BdS and alantolactone (ATL) synergistically potentiate olaparib-induced cell growth inhibition in p53 wildtype cancer cells. (A) Propidium iodide (PI)-treated U2OS cell-cycle analysis after 48 h of drug treatment. Representative cell-cycle distributions depicting DNA content (top) and histograms (bottom) are shown for two independent experiments (n = 2; mean ± SEM). (B) Normalised nuclear area quantifications and representative images of the DAPI-stained U2OS nuclei (bottom right; 72 h time point) after treatment with olaparib (10 μM), ATL (2.5 μM), BdS (1.25, 2.5, 5 μM) and/or BdS-H₂ (10 μM) at the indicated time points (dotted lines show median and quartiles). For the 24 h time point, each dataset represents a minimum of 25,000 cells (4 independent experiments; n = 672, except for BdS-H₂ and its combination treatment which represent a minimum of 6250 cells—1 independent experiment; n = 168). For the 48 h time point, each dataset represents a minimum of 7500 cells (1 independent experiment; n = 168).

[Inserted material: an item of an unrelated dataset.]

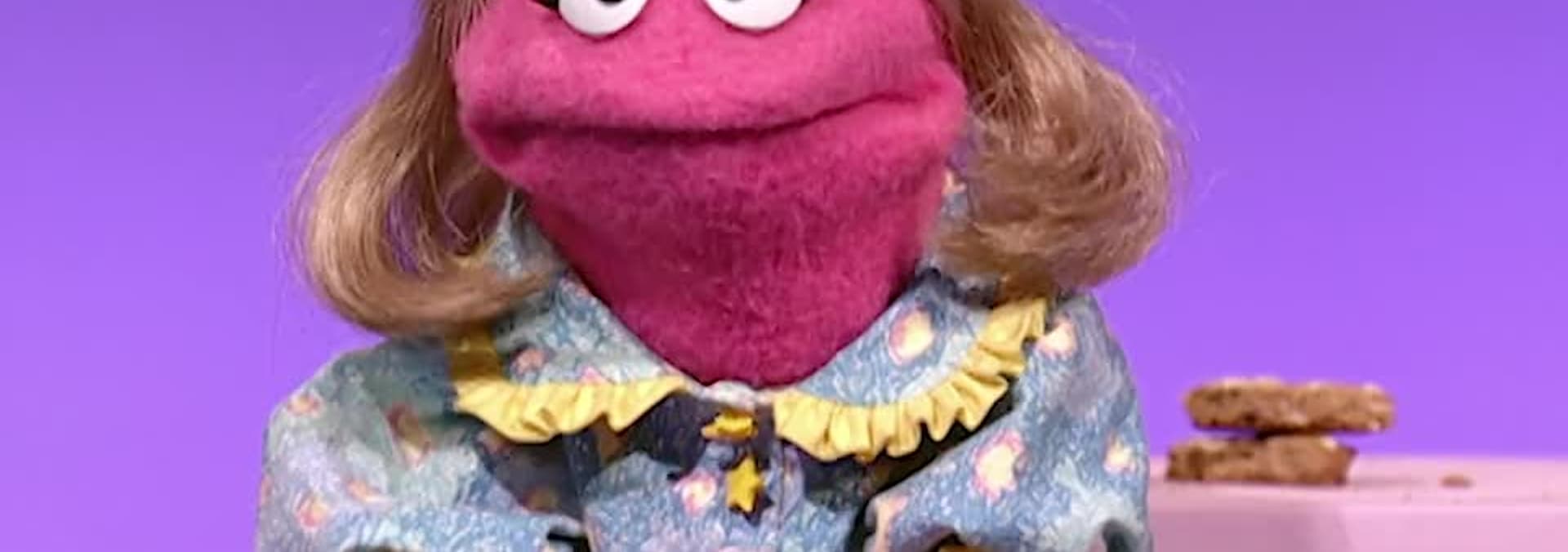 Oscar and Grundgetta are reading “The Tale of Sleeping Grouchy” and Slimey, Telly and Elmo join them.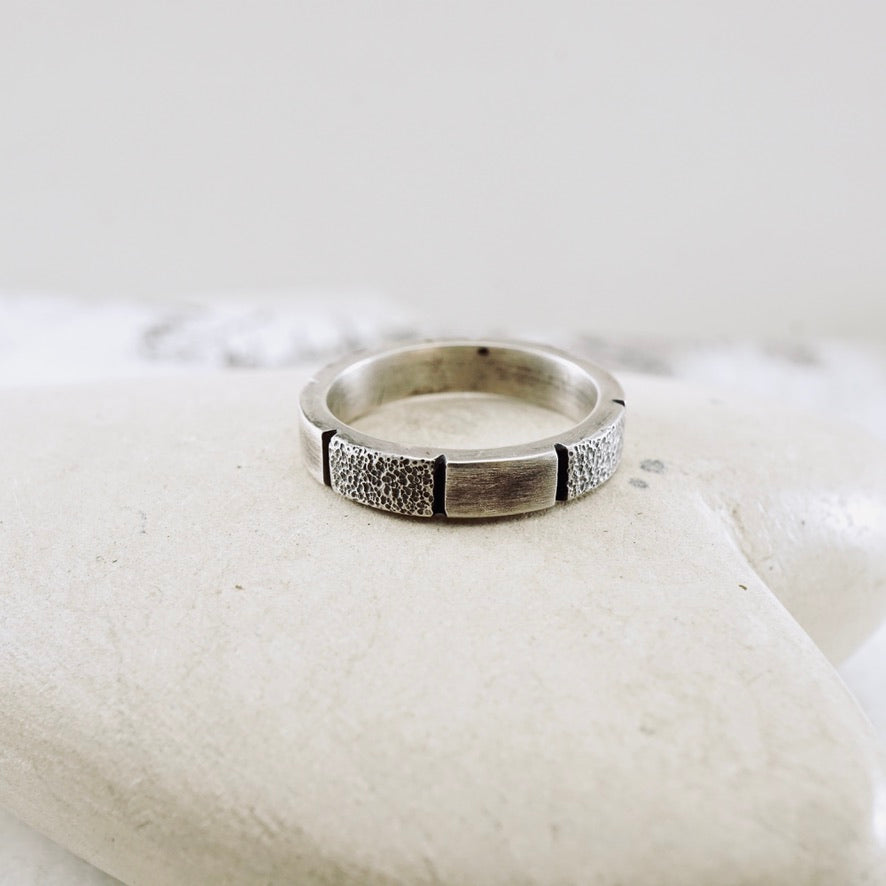 A bold silver band with a strong presence. Hand-fabricated from substantial 4x2 mm sterling silver band, this ring has textured sections that contrast against smooth polished areas, creating a rhythm of light and shadow.

For the 72 h time point, each dataset represents a minimum of 15,000 cells (3 independent experiments; n = 504). Scale bars—20 and 5 μm in inset. (C) Clonogenic survival assays with representative, stained colony images. Chronic treatment of U2OS cells (≥3 independent experiments; n ≥ 3; mean ± SEM) with alantolactone (ATL or A; 0.5 μM, left) and BdS (5 μM, right) in combination with olaparib (Ola or O; 0.625 μM). (D) Clonogenic survival assays with representative, stained colony images. Chronic treatment of U2OS cells (3 independent experiments; n ≥ 6; mean ± SEM) as in (C) (olaparib; 0.625 μM, BdS; 3.75 μM, ATL; 0.375 μM) but in combination with AZD1775, a WEE1 inhibitor (WEE1i or W; 0.05 μM). Controls for ATL and BdS are identical due to forming part of the same experimental pipeline (Ola, WEE1i, O + W). Statistical significance indicated as follows: n.s.—p > 0.05, *—p < 0.05, and ****—p < 0.0001.